"""

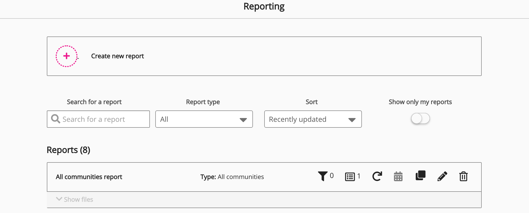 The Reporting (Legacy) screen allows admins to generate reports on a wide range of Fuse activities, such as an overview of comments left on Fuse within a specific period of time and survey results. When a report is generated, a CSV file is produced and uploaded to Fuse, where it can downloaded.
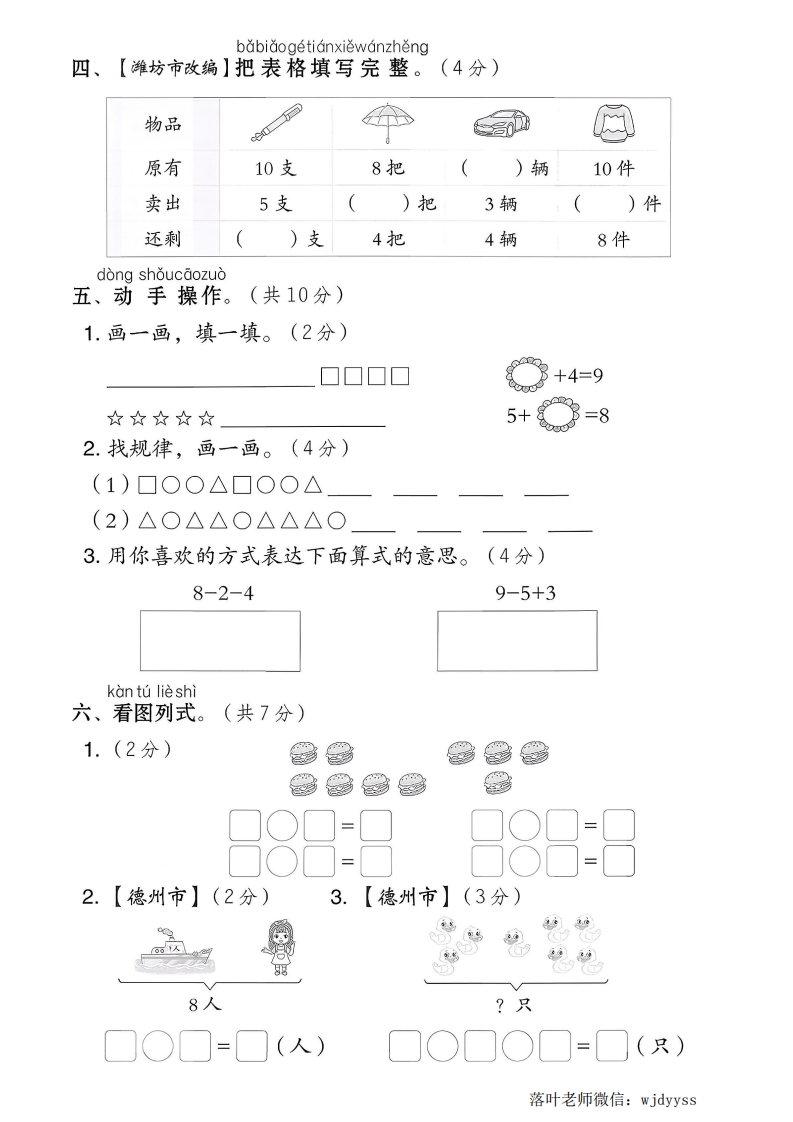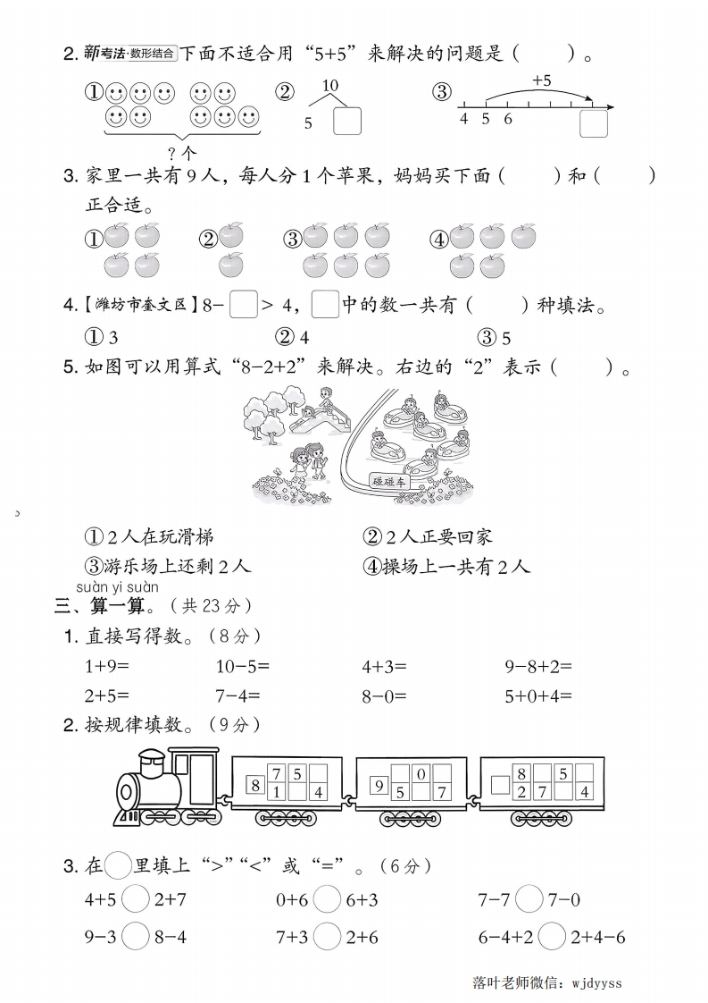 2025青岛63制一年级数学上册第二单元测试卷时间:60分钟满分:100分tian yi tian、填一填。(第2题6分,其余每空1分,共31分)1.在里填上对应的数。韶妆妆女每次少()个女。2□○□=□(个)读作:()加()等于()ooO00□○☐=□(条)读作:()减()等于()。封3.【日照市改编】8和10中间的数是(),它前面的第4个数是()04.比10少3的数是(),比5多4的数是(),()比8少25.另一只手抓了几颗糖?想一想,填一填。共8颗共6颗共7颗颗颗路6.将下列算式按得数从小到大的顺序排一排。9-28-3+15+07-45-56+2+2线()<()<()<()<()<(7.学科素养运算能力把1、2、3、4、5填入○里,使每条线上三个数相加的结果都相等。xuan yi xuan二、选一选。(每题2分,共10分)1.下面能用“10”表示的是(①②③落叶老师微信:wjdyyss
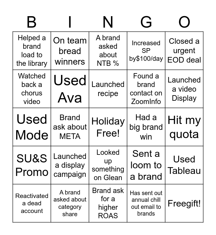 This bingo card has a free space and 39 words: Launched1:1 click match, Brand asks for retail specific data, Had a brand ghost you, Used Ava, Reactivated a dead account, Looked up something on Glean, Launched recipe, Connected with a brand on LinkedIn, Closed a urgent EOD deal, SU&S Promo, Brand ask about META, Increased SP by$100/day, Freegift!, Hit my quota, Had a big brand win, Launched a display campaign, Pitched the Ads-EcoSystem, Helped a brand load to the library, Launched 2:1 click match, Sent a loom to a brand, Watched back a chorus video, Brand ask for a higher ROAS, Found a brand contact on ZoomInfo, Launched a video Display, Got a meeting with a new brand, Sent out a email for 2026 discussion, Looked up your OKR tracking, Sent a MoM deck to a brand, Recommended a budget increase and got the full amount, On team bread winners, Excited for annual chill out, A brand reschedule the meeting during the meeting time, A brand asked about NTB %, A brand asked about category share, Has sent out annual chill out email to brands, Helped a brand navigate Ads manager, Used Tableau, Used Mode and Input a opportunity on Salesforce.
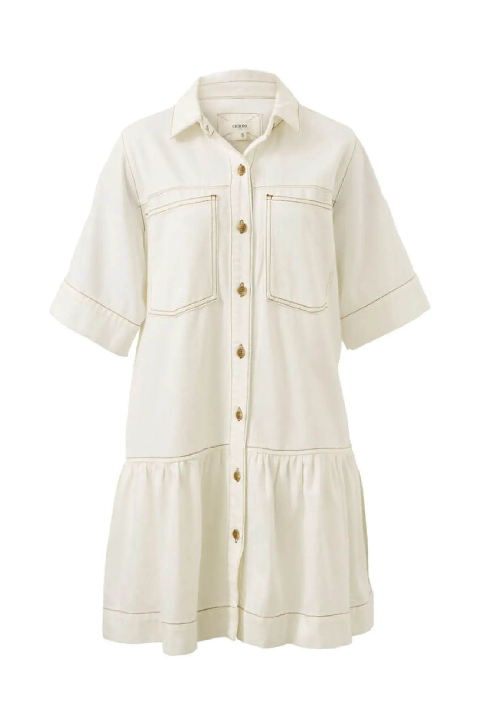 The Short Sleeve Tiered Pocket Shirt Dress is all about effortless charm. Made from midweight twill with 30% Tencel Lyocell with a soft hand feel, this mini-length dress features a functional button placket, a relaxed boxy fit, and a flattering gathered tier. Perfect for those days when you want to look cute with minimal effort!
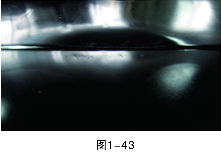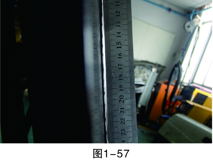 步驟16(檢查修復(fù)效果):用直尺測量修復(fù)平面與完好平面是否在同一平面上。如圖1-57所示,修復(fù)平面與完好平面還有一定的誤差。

"""

WHAT YOU ARE ASKED TO DO – The entries above should be reproduced exactly, without their pictures.

EXPECTED ANSWER –
 The Reporting (Legacy) screen allows admins to generate reports on a wide range of Fuse activities, such as an overview of comments left on Fuse within a specific period of time and survey results. When a report is generated, a CSV file is produced and uploaded to Fuse, where it can downloaded.
 2025青岛63制一年级数学上册第二单元测试卷时间:60分钟满分:100分tian yi tian、填一填。(第2题6分,其余每空1分,共31分)1.在里填上对应的数。韶妆妆女每次少()个女。2□○□=□(个)读作:()加()等于()ooO00□○☐=□(条)读作:()减()等于()。封3.【日照市改编】8和10中间的数是(),它前面的第4个数是()04.比10少3的数是(),比5多4的数是(),()比8少25.另一只手抓了几颗糖?想一想,填一填。共8颗共6颗共7颗颗颗路6.将下列算式按得数从小到大的顺序排一排。9-28-3+15+07-45-56+2+2线()<()<()<()<()<(7.学科素养运算能力把1、2、3、4、5填入○里,使每条线上三个数相加的结果都相等。xuan yi xuan二、选一选。(每题2分,共10分)1.下面能用“10”表示的是(①②③落叶老师微信:wjdyyss
 This bingo card has a free space and 39 words: Launched1:1 click match, Brand asks for retail specific data, Had a brand ghost you, Used Ava, Reactivated a dead account, Looked up something on Glean, Launched recipe, Connected with a brand on LinkedIn, Closed a urgent EOD deal, SU&S Promo, Brand ask about META, Increased SP by$100/day, Freegift!, Hit my quota, Had a big brand win, Launched a display campaign, Pitched the Ads-EcoSystem, Helped a brand load to the library, Launched 2:1 click match, Sent a loom to a brand, Watched back a chorus video, Brand ask for a higher ROAS, Found a brand contact on ZoomInfo, Launched a video Display, Got a meeting with a new brand, Sent out a email for 2026 discussion, Looked up your OKR tracking, Sent a MoM deck to a brand, Recommended a budget increase and got the full amount, On team bread winners, Excited for annual chill out, A brand reschedule the meeting during the meeting time, A brand asked about NTB %, A brand asked about category share, Has sent out annual chill out email to brands, Helped a brand navigate Ads manager, Used Tableau, Used Mode and Input a opportunity on Salesforce.
 The Short Sleeve Tiered Pocket Shirt Dress is all about effortless charm. Made from midweight twill with 30% Tencel Lyocell with a soft hand feel, this mini-length dress features a functional button placket, a relaxed boxy fit, and a flattering gathered tier. Perfect for those days when you want to look cute with minimal effort!
 步驟16(檢查修復(fù)效果):用直尺測量修復(fù)平面與完好平面是否在同一平面上。如圖1-57所示,修復(fù)平面與完好平面還有一定的誤差。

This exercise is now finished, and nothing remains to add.